Hi! I'm the Data Agent. Ask me a question and I'll explore the database step by step. You approve each SQL query before it runs.

🧪 Corrupted Data — Testing Data Quality

The analytics_purchases table has been intentionally seeded with 40 corrupted rows to test the agent's ability to surface data quality issues. Try asking "Show me data quality of table purchases" to see them.

Injected anomalies

Category# RowsWhat's wrong
NULL values8Missing userID, product_id, product_name, or purchase_timestamp
Duplicate rows8Exact-duplicate purchases for the same user + product + timestamp
Garbage strings8Product names like !!INVALID!!, NULL_STRING, ???, empty strings
Orphan foreign keys8userID or product_id that don't exist in the parent tables (e.g. 99999, -1)
Format issues8Timestamps like not-a-date, 9999-01-01, epoch 0, and far-future dates

The other two tables — analytics_users and analytics_product_specs — remain clean, making cross-table joins useful for detecting orphan references.

🛡️ Guardrails — Prompt Injection & Security Controls

This agent applies a defence-in-depth approach with guardrails at both the LLM prompt level and the server-side code.

1. Off-topic refusal

The system prompt instructs the model to decline any question not related to the analytics data. If you ask about the weather, coding help, or general knowledge the agent responds with a polite refusal instead of generating SQL.

2. Sensitive data (PII) blocking

The model is forbidden from returning full_name and born_date together in the same result set. User-level queries must use userID, country, or gender only. Requests to extract or export personal data are refused.

3. Analytics-only table scope

Both the prompt and the server enforce a strict table allowlist:

  • analytics_users
  • analytics_purchases
  • analytics_product_specs

Any SQL referencing auth_user, django_session, chat message tables, or any other table is rejected server-side before execution.

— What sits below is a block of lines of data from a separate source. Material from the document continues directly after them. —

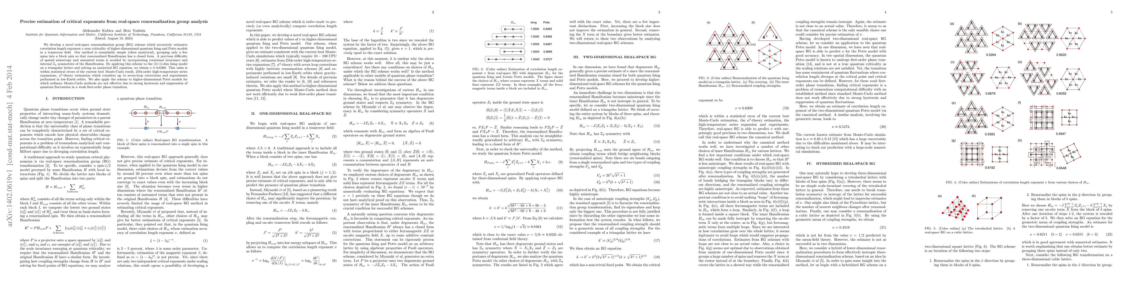 We develop a novel real-space renormalization group (RG) scheme which accurately estimates correlation length exponent $\nu$ near criticality of higher-dimensional quantum Ising and Potts models in a transverse field. Our method is remarkably simple (often analytical), grouping only a few spins into a block spin so that renormalized Hamiltonian has a closed form. A previous difficulty of spatial anisotropy and unwanted terms is avoided by incorporating rotational invariance and internal $\mathbb{Z}_q$ symmetries of the Hamiltonian. By applying this scheme to the (2+1)-dim Ising model on a triangular lattice and solving an analytical RG equation, we obtain $\nu\approx 0.6300$. This value is within statistical errors of the current best Monte-Carlo result, 25th-order high-temperature series expansions, $\phi^4$-theory estimation which considers up to seven-loop corrections and experiments performed in low-Earth orbits. We also apply the scheme to higher-dimensional Potts models for which ordinary Monte-Carlo methods are not effective due to strong hysteresis and suppression of quantum fluctuation in a weak first-order phase transition.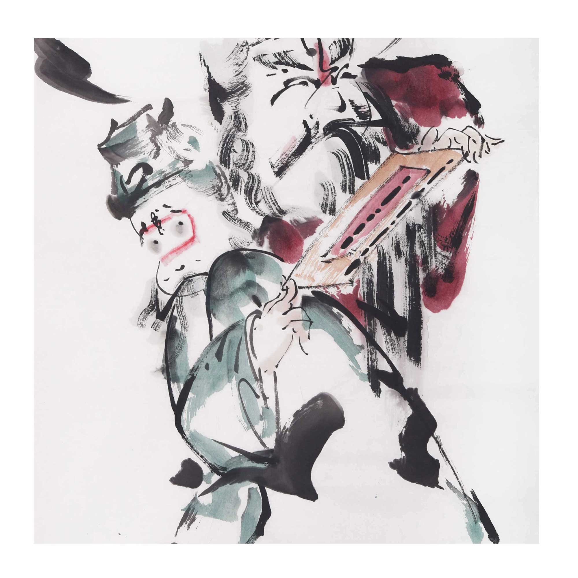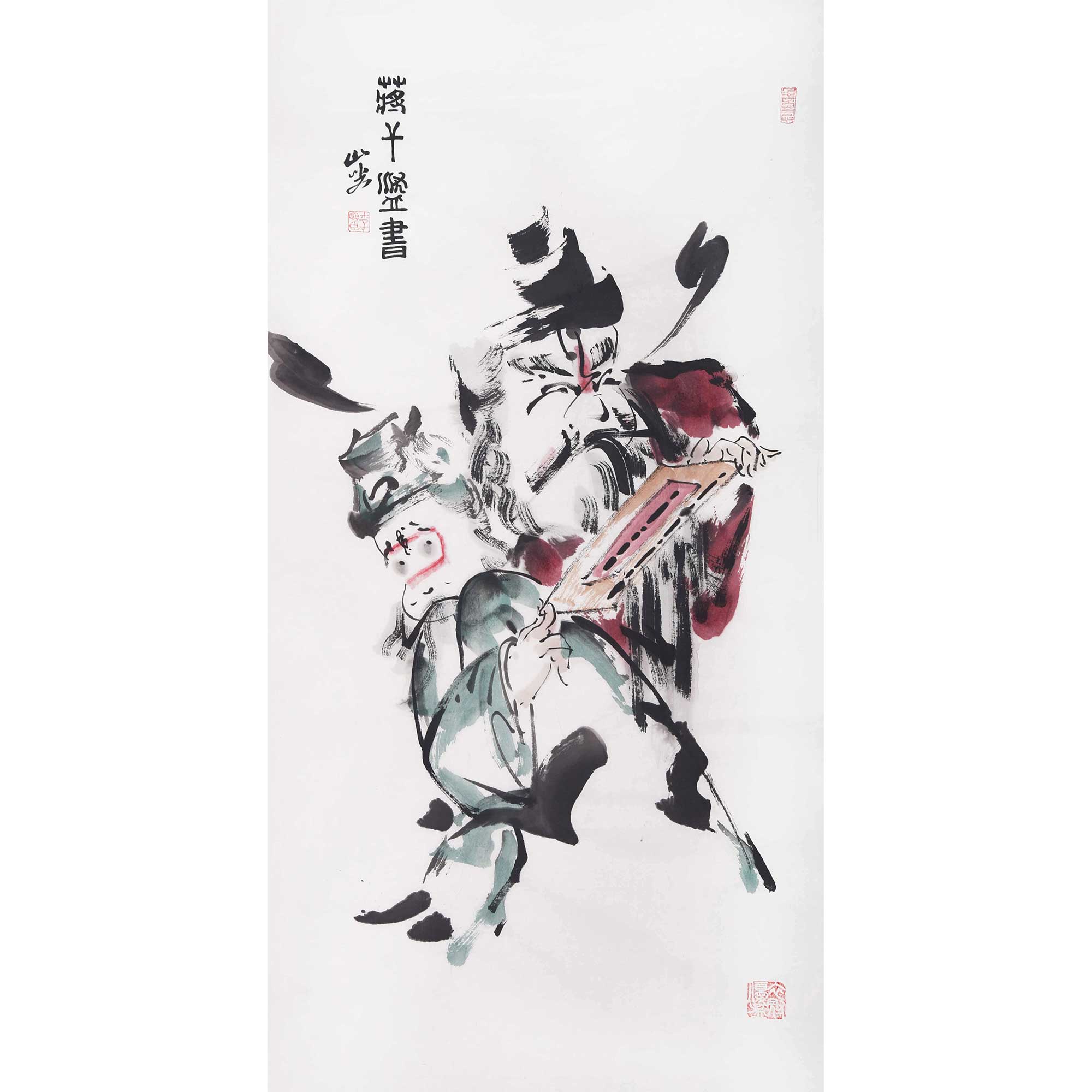 中国著名表演艺术家 李明臣 《蒋干盗书》戏曲人物 99 50;李明臣,全国工商联民间文物艺术品商会、当代艺术家研究会戏画艺术委员会会长,影视剧演员、仁美大学堂教授。1947年生于辽宁,1959年进入北京戏曲专科学校学习京剧,1967年进入北京京剧院工作。1993年开始涉足影视艺术,出演过多部影视戏剧。李明臣自幼浸淫于京剧艺术,喜好丹青绘画。京剧是中国文化的精粹,是一门集大成的舞台艺术,从事一辈子京剧行当的李明臣,用毛笔和水墨来塑造出一个行内人眼中的京剧世界。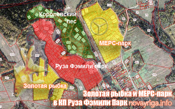 Территория посёлка разделена на 4 квартала: Руза Фэмили Парк, Королевский лес, Золотая рыбка и МЕРС-Фэмили-парк.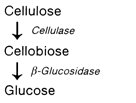 Cellulose w [von neulatein. cellulosus = aus Zellen bestehend], Zellulose, aus 500–5000 unverzweigten 4-β-Glucose-Einheiten aufgebautes wasserunlösliches Polysaccharid ( vgl. Abb. ), das neben Hemicellulosen und Pektinen den Hauptbestandteil der Gerüstsubstanz pflanzlicher Zellwände (Zellwand) und des Mantels der Manteltiere bildet. Intramolekulare Wasserstoffbrücken ( vgl. Abb. ) zwischen den 3-Hydroxylgruppen und den Ringsauerstoffatomen benachbarter Glucosereste verhindern die freie Drehbarkeit der glykosidischen Bindungen (Glykoside), was zu einer linearen Versteifung des Makromoleküls führt, die durch die annähernd gleiche Ausrichtung aller Glucoseringe in einer Fläche charakterisiert ist. Die durch intermolekulare Wasserstoffbrücken zwischen den 6-Hydroxylgruppen und den Sauerstoffbrücken der glykosidischen Bindungen paralleler Ketten bedingte Anlagerung von 60 bis 70 Cellulose-Ketten führt zu den für pflanzliche Zellwände charakteristischen Mikrofibrillen (Elementarfibrillen). Cellulose bildet sich schrittweise durch Anbau von Glucoseresten aus UDP-Glucose (Synthese: vgl. Infobox ). Der biologische Abbau von Cellulose ( vgl. Abb. ) wird durch Cellulase katalysiert. Chemisch wird Cellulose durch Säuren zu Glucose abgebaut und damit industriell in eine vergärbare Form übergeführt (Holzverzuckerung). – Cellulose ist der mengenmäßig bedeutendste Naturstoff. Laubbäume (Laubhölzer) und Nadelbäume (Nadelhölzer) bestehen zu ca. 50% aus Cellulose. Jährlich werden durch Pflanzen ca. 10 Billionen Tonnen Cellulose synthetisiert (Biomasse, Produktion). Der in Form von Cellulose gebundene Kohlenstoff der Pflanzen entspricht etwa 50% des in der gesamten Erdatmosphäre als CO2 (Kohlendioxid) vorliegenden Kohlenstoffs (Kohlenstoffkreislauf). Cellulose hat große technische und wirtschaftliche Bedeutung. Baumwolle (Baumwollpflanze), Jute (Corchorus), Flachs (Lein) und Hanf sind fast reine Cellulose. Technisch wird Cellulose vorwiegend aus Holz oder Stroh gewonnen und kommt als Zellstoff in den Handel. Die größten Mengen werden von der Papier- und Textilindustrie verbraucht. In der Biochemie findet reine Cellulose oder chemisch modifizierte Cellulose (z. B. DEAE-Cellulose, CM-Cellulose, Phospho-Cellulose) ausgedehnte Verwendung als Adsorbens bei chromatographischen Trennungsverfahren (Anionenaustauscher, Adsorptionschromatographie, Austauschchromatographie, Chromatographie). Anisotropie, Ballaststoffe, Bodenorganismen, Biomoleküle, Biopolymere, Braconnot (H.), celluloseabbauende Mikroorganismen, Cellulose-Synthase, Cellulosom, Cuticula, Dermatophyten, Freudenberg (K.J.), Glucane, Gummi, Haworth (W.N.), Hemicellulosen, Karrer (P.), Lignin, Mineralisation, Nahrungsspezialisten, Payen (A.), Quellung, Seescheiden, Sporocytophaga, Streuabbau, Verdauung; Kohlenhydrate II, Zellwand.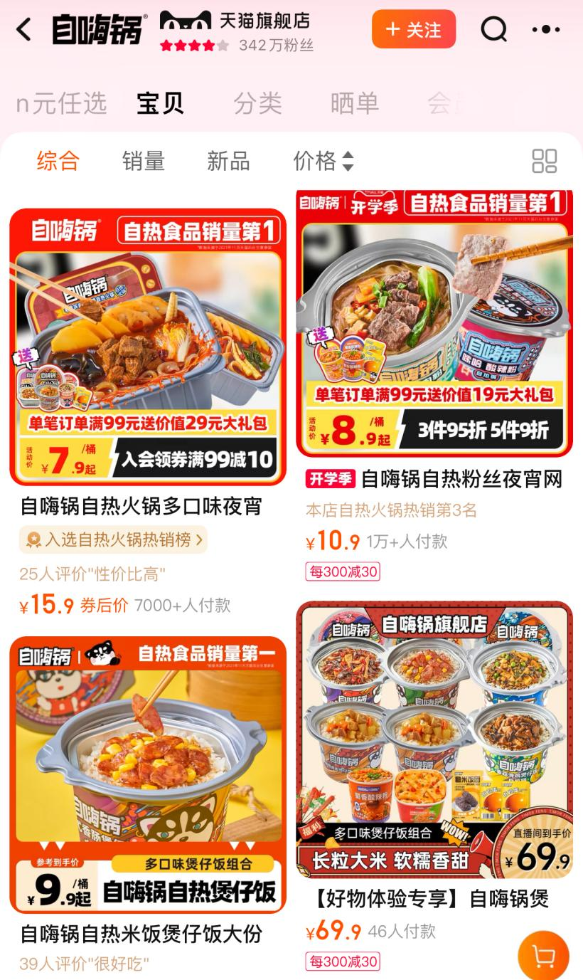 客觀來說,自嗨鍋并非沒有主動尋求“自救”方案。事實上,過去一兩年自嗨鍋的官方微信公眾號上經(jīng)常發(fā)布一些促銷信息,官方旗艦店很多規(guī)格在200克左右的產(chǎn)品價格已經(jīng)低至9.9元。關(guān)鍵在于低價早已充斥整個門檻較低的自熱火鍋賽道,本身產(chǎn)品就有很多“硬傷”,只靠降價難以挽回消費者的口碑。

4. Prompt injection rejection

Server-side filter — before the question ever reaches the LLM, it is scanned for 14 known injection patterns such as "ignore previous instructions", "you are now", "system prompt", "jailbreak", etc. Matches are blocked instantly with an error message.

Prompt-level rule — the system prompt tells the model to refuse any attempt to override instructions, change its role, or reveal its prompt.

5. Input & output size caps

  • Input: questions longer than 500 characters are rejected server-side.
  • Output: the model is instructed to keep final answers under 500 words.
  • SQL results: queries return at most 100 rows, and a LIMIT 20 is auto-appended unless the query already uses an aggregate or explicit limit.

6. SQL safety

  • Only SELECT statements are allowed. DROP, DELETE, UPDATE, INSERT, ALTER, TRUNCATE, CREATE, GRANT, REVOKE, and COPY are blocked.
  • A 10-second query timeout prevents runaway queries.
  • Every query is approved by you before execution.